Task instructions: Print word for word the first line of the listing below and every line after it, through the line with "XRD spectra of". Leave out the pictures and the rest.

Supplied material:

- - - -

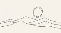Minimalistische illustratie van heuvels met een dubbele cirkel erboven, weergegeven in zwarte lijnen tegen een crèmekleurige achtergrond.
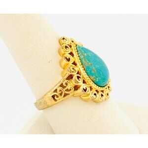Add timeless elegance to your collection with this estate Ross Simon’s designer ring, featuring a genuine Sleeping Beauty turquoise cabochon in a stunning teardrop shape. The vibrant turquoise is bezel set and surrounded by intricate gold-tone scrollwork on a filigree design band. Crafted in 14k yellow gold over solid sterling silver (.925), this statement ring is a size 8.75 and weighs approximately [insert weight here] grams. Beautiful from every angle, this piece showcases high craftsmanship and vintage charm. A standout gift or collectible piece.
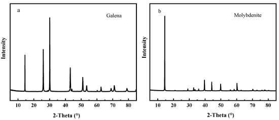 XRD spectra of (a) galena and (b) molybdenite sample.
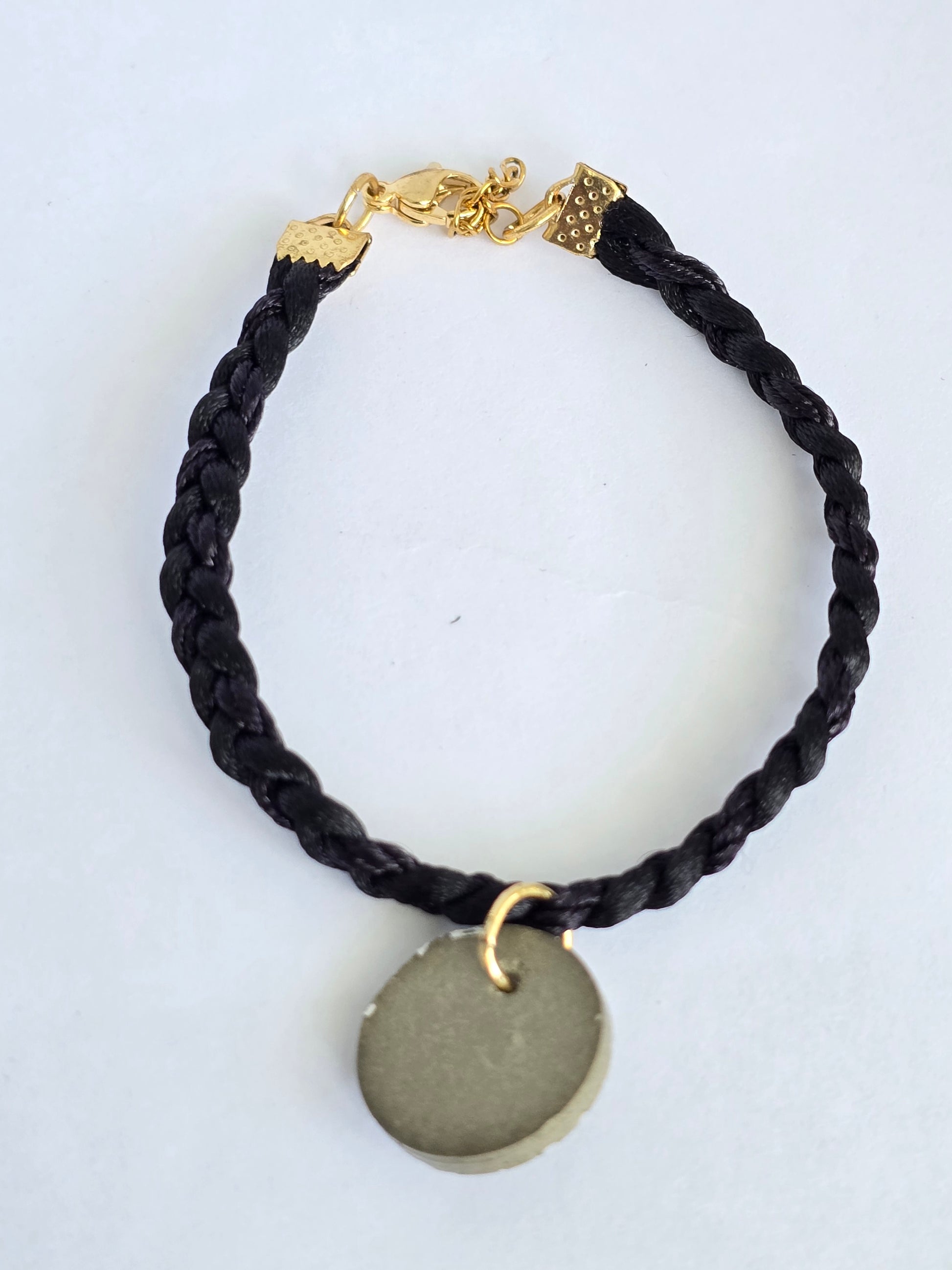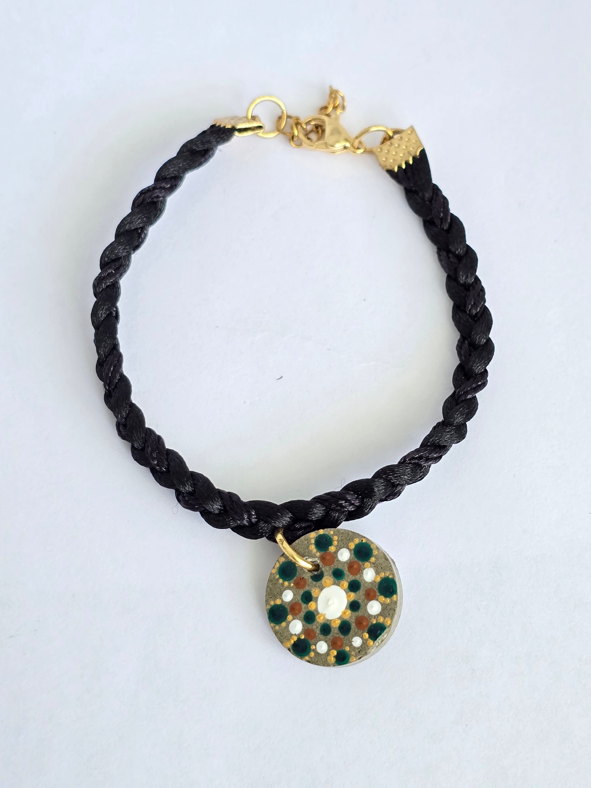 Pulsera en hilo completamente negro, diseñada para resaltar el detalle central: un charm en cemento pintado a mano con un hermoso diseño de mándala, lleno de simetría, intención y energía positiva.Terminal en acero inoxidable para una pieza duradera y con acabado de alta calidad.

- - - -

Result:
Minimalistische illustratie van heuvels met een dubbele cirkel erboven, weergegeven in zwarte lijnen tegen een crèmekleurige achtergrond.
Add timeless elegance to your collection with this estate Ross Simon’s designer ring, featuring a genuine Sleeping Beauty turquoise cabochon in a stunning teardrop shape. The vibrant turquoise is bezel set and surrounded by intricate gold-tone scrollwork on a filigree design band. Crafted in 14k yellow gold over solid sterling silver (.925), this statement ring is a size 8.75 and weighs approximately [insert weight here] grams. Beautiful from every angle, this piece showcases high craftsmanship and vintage charm. A standout gift or collectible piece.
 XRD spectra of (a) galena and (b) molybdenite sample.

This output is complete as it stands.